PDF Slurp is my simple yet effective command-line tool specially tailored to pull text and images from PDF files. It's been primarily created to assist with personal knowledge development and learning. My intention behind creating PDF Slurp was to conveniently pull pages I've recently read into LLMs (and other AIs) for summarisation, flash card creation, etc. Whether you're compiling notes, building a personal knowledge base, or just satisfying your curiosity, PDF Slurp stands out as a handy assistant in your daily intellectual endeavors.
This tool is proudly homemade (mostly by Claude-3-Opus and GPT-4) and hosted here for anyone to clone and use.

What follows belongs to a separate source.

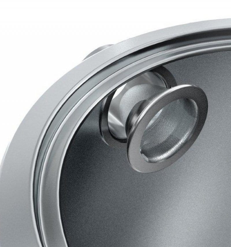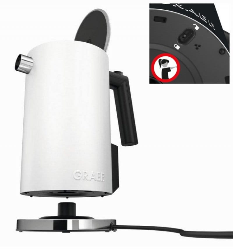Czajnik elektryczny Graef WK 901 został wykonany z wysokiej jakości stali nierdzewnej, którego obudowa posiada podwójne ścianki co przekłada się na nienagrzewającą się obudowę i mniejsze odparowywanie ciepła po podgrzaniu w przeciwieństwie do czajników innych marek. Gładkie stalowe wnętrze i innowacyjny filtr do kamienia ze stali nierdzewnej zapobiegają gromadzeniu się kamienia w trudno dostępnych miejscach oraz zapewniają łatwe czyszczenie.

I've set it up for pipx
installation because, frankly, I'm a bit too lazy to navigate the official PyPI distribution process, and I prefer the simplicity of installing it directly from a local source.

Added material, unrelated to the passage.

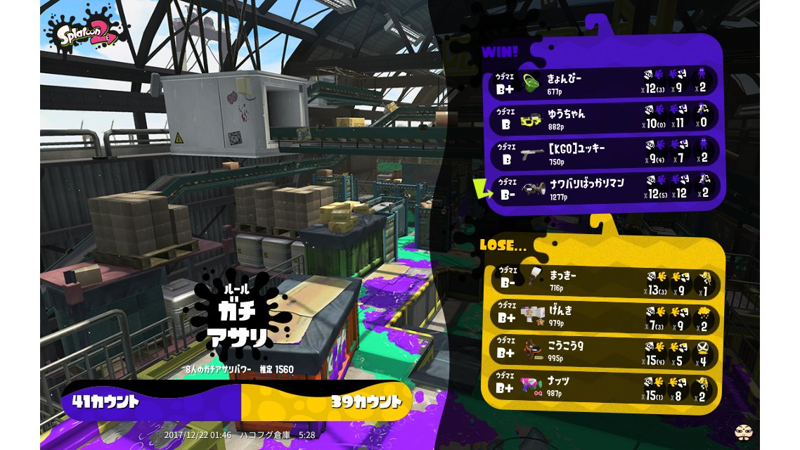 | Name | Weapon | Level | Rank | Inked | k+a/sp | k/d |

- Extract text from designated pages or ranges in a PDF, perfect for piecing together your own distilled summaries or reflections.
- Extract all text from PDFs, enabling quick access to content without manual copying and pasting.
- Pull individual images from PDFs, useful for saving diagrams, charts, or artwork that sparks inspiration.
- Invert the colors of extracted images on the fly, because why not have fun with some customization?
- Python 3.6 or higher
- PyPDF2
- Pillow (PIL Fork)
To get PDF Slurp up and running on your system, pipx
is the way to go. It's straightforward and keeps things tidy by installing the tool in an isolated environment, which is ideal for casual toolmakers and users like me. Here's how to do it:
-
Make sure
pipx
is installed on your machine. If it's not, you can get it set up with:python3 -m pip install pipx python3 -m pipx ensurepath
-
Head on over to the root directory where
pdf_slurp
lives and install with:pipx install .
After that, you should be good to go. Launch PDF Slurp from anywhere in your terminal and enjoy the effortless data extraction!
Here are a few quick examples to show what PDF Slurp can do:
To extract text from pages 1 to 3 and page 5:
pdf-slurp /path/to/pdf -p 1-3,5
To extract all text from a PDF:
pdf-slurp /path/to/pdf --all-pages
To grab the third image from page 2:
pdf-slurp /path/to/pdf -p 2 -i 3
To invert the colors of the extracted image:
pdf-slurp /path/to/pdf -p 2 -i 3 -v
PDF Slurp is made available under the MIT License. For more details, check out the LICENSE file on the GitHub repository.
Happy learning and managing your PDFs!